At the height of the Toronto Film Festival this past week, it was hard to walk a block in any direction in this city without running into either a film publicist or a moose. The publicists were real, the moose were not.

Part of a civic art project spearheaded by the city’s mayor, the moose were painted bright colors and adorned with clever slogans. A pair near the Varsity Theatre complex, where most of the festival films screen, were dressed as bride and groom. For some, Toronto 2000, which hosted 329 films from 56 countries, will be remembered as the festival’s 25th anniversary event; for others, it will be known as the Year of the Moose.

For the record:

12:00 a.m. Sept. 20, 2000 For the Record
Los Angeles Times Wednesday September 20, 2000 Home Edition Calendar Part F Page 2 Entertainment Desk 1 inches; 29 words Type of Material: Correction
Director’s name--Jonathan Glazer directed “Sexy Beast,” which played at the recent Toronto Film Festival.
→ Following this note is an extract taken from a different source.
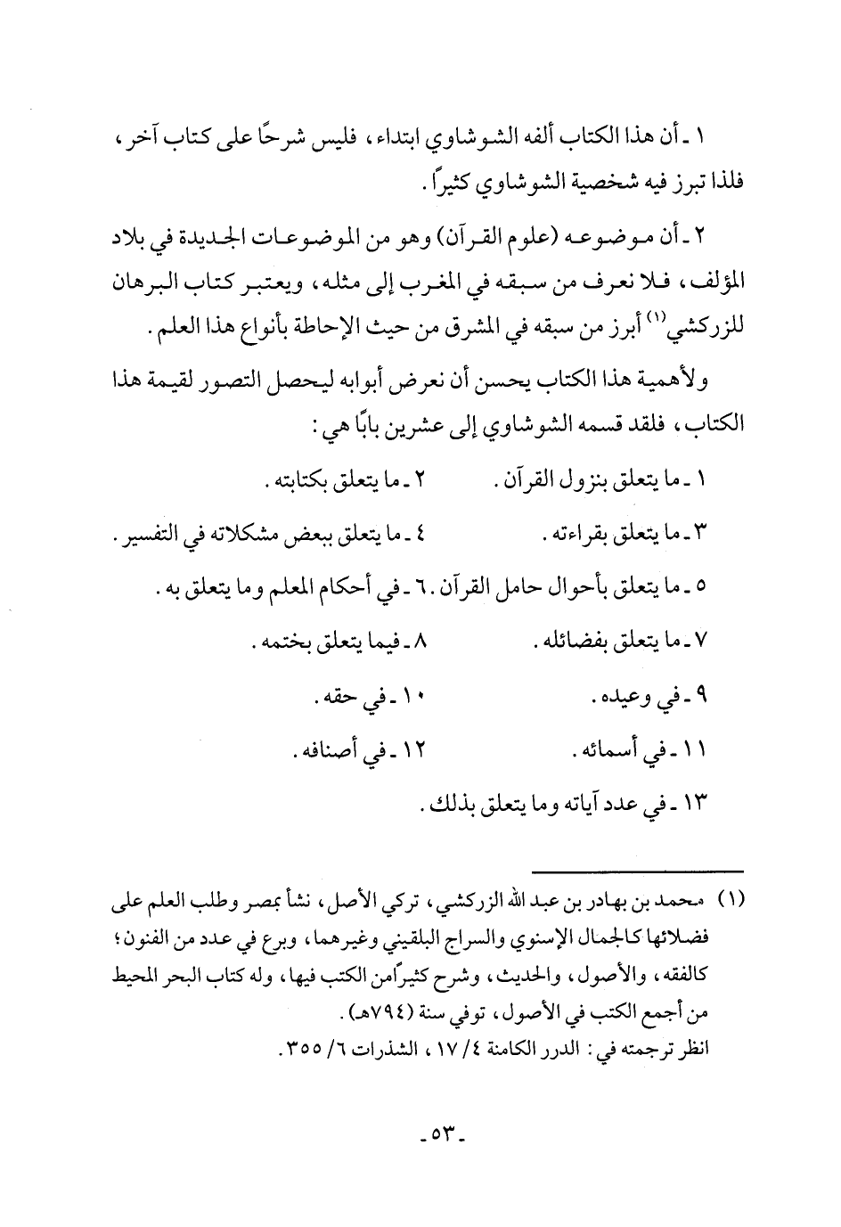 2 - أن موضوعه (علوم القرآن) وهو من الموضوعات الجديدة في بلاد المؤلف، فلا نعرف من سبقه في المغرب إلى مثله، ويعتبر كتاب البرهان للزركشي (¬1) أبرز من سبقه في المشرق من حيث الإحاطة بأنواع هذا العلم.

His last name was incorrect in a story about the festival that was published in Saturday’s Calendar.

“This is beginning to happen everywhere,” says Irish novelist and screenwriter Roddy Doyle, who’s in town promoting “When Brendan Met Trudy,” a comic love story that earned a warm reception at its first screening Sunday. “Last summer I was in Chicago and there were cows all over the city. If they ever hear about this in Dublin, we’ll be awash in leprechauns.”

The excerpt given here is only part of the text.